Изучая теологию, я открыл для себя множество необычных систем, описывающих устройство мироздания. Но ни одна из них не могла объяснить некоторые феномены человеческой несостоятельности; от невозможности покорить эгоизм — до страдания при виде обычного трупа.
Не для моего ума. Да, я не понимаю, — в чём причина? Зачем так убиваться? Мёртвое или живое — количество биомассы сохраняется в целом. Одна из тех классических легенд о бессмертии души, о воздаянии…
— Что мне делать?
— Я уже почти, подожди.
— Она не должна была умирать!
— С книгой её можно будет воскресить.
— Книга… да! Нужно быстрее достать книгу.
Сквозь расщелину я видел, как он выпрямился и исчез в темноте.
— Стой!
Почти полчаса я пытался отодвинуть все валуны. И обессилил. Но, понимая, что он, скорее всего, уже кормит червей, стало гораздо проще.
Теперь я могу рассчитывать лишь на себя. Быть может, не обязательно их воскрешать?
Без страха, без протеста и сожаления — я блуждал по извилистым коридорам, пока не вышел к ужасной развилке. Ещё раз меня привлёк неспокойный шёпот и зов. О, в преддверии смерти я стал честнее с собой.

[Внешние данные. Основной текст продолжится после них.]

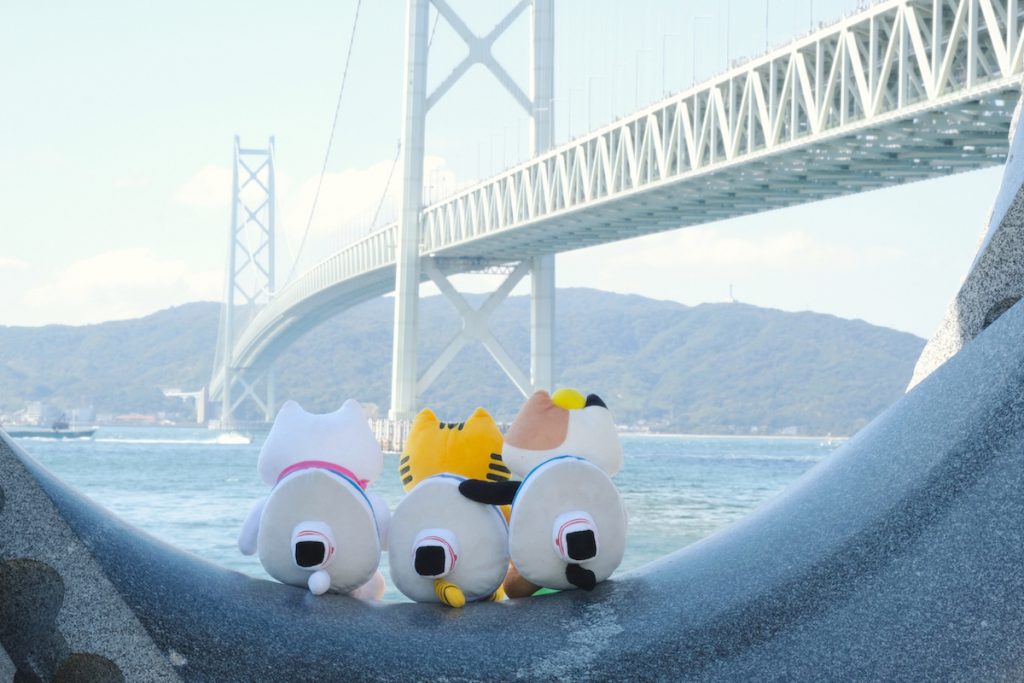 公園内にある記念碑「夢レンズ」から明石海峡を眺めるふねこたち。
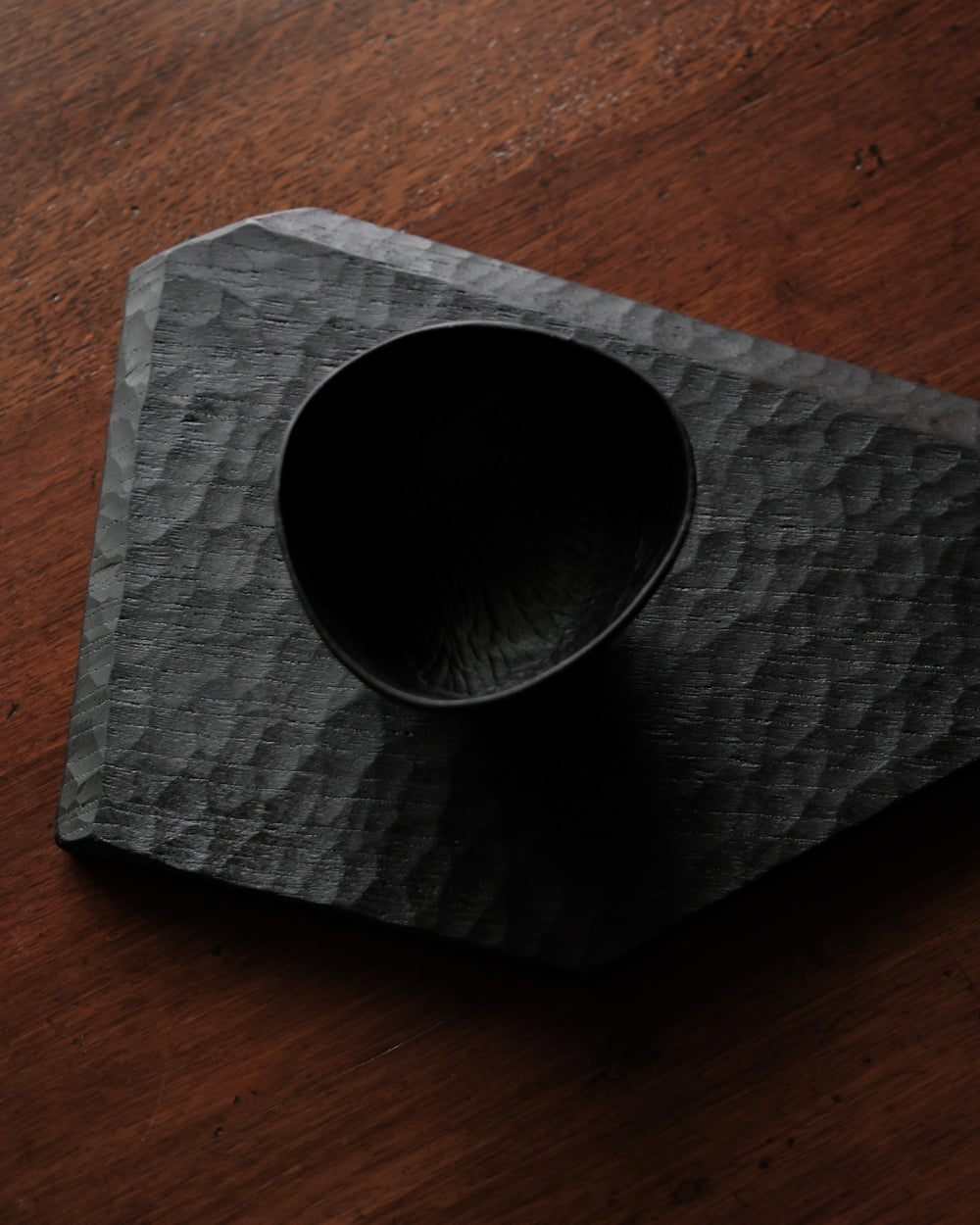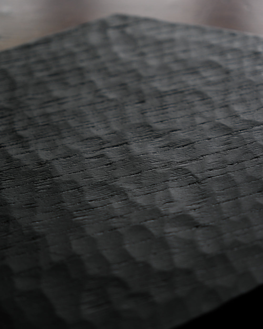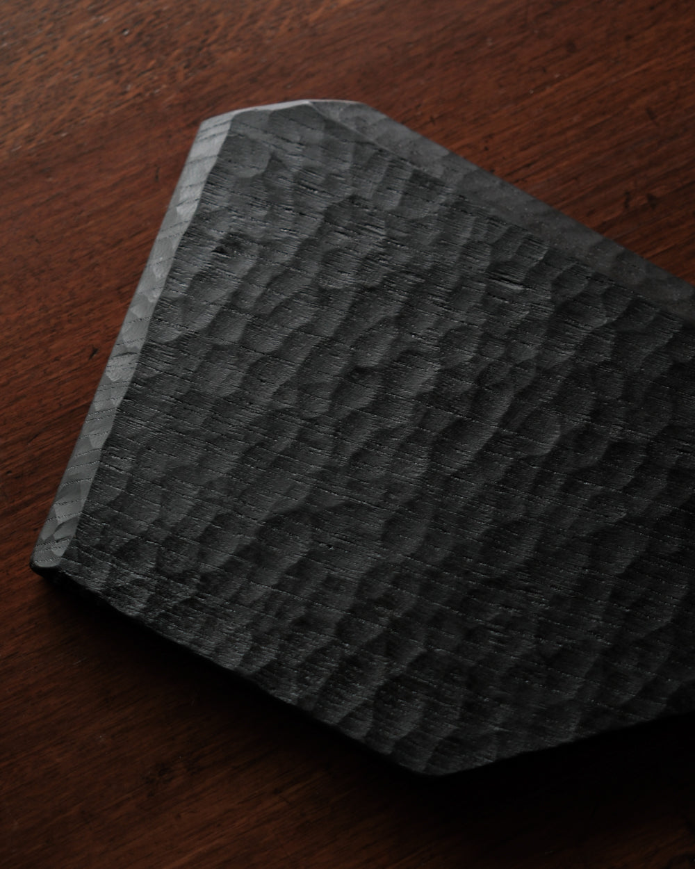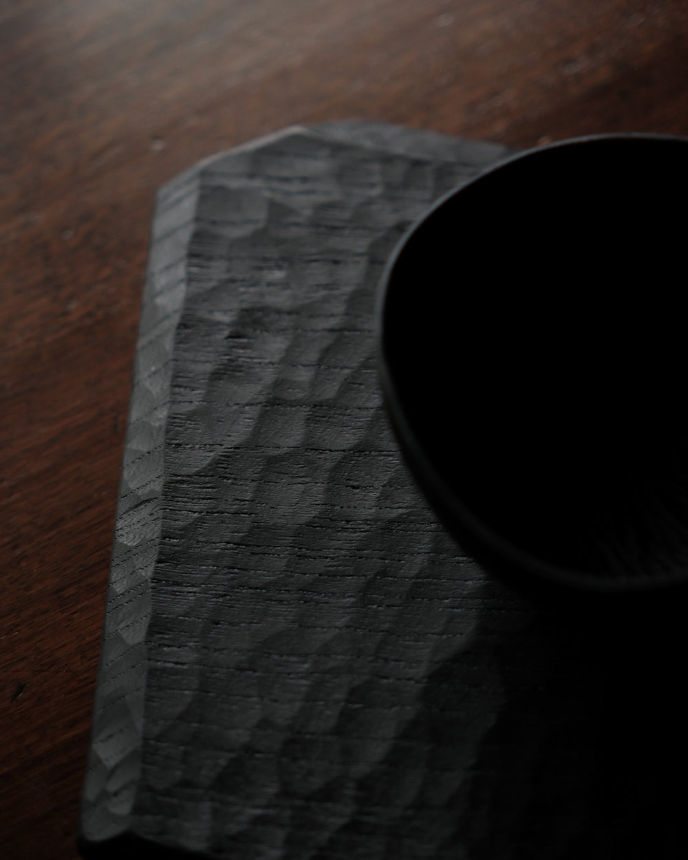 以自然木製作而成的木板皿,表面為大村使用鑿刀手工雕刻出來的紋路。適合用來盛放乾式料理,像是麵包與火腿、起司、生魚片、握壽司、炸物、蛋糕與甜點等。也可作為店舖與展覽中陳列的道具、花器之下的花台。深邃的黑色可以襯托料理和商品的顏色與氛圍。表面為自然漆塗層,便於清洗與照顧。

И оставил сомнение позади.
На заплесневевших стенах прослеживались следы ожесточённых баталий. По запёкшейся крови вырисовывались картины сражений, а их результат — в беспорядочно разбросанных костях и внутренних органах, наполовину разложившихся по воле беспощадного времени, наполовину — съеденных крысами. Я наступил на чьё-то остывшее сердце и произнёс несколько слов на неизвестном мне языке.
Тогда же раздались демонические звуки. Слишком грубые, чтобы назвать их чем-то возвышенным, или хотя бы относительно мелодичным. Вокруг алтаря собирались аморфные тела с бледной мерцающей кожей, отдающей чем-то, наподобие озёрной голубизны и иссиня-серой волны до прибоя.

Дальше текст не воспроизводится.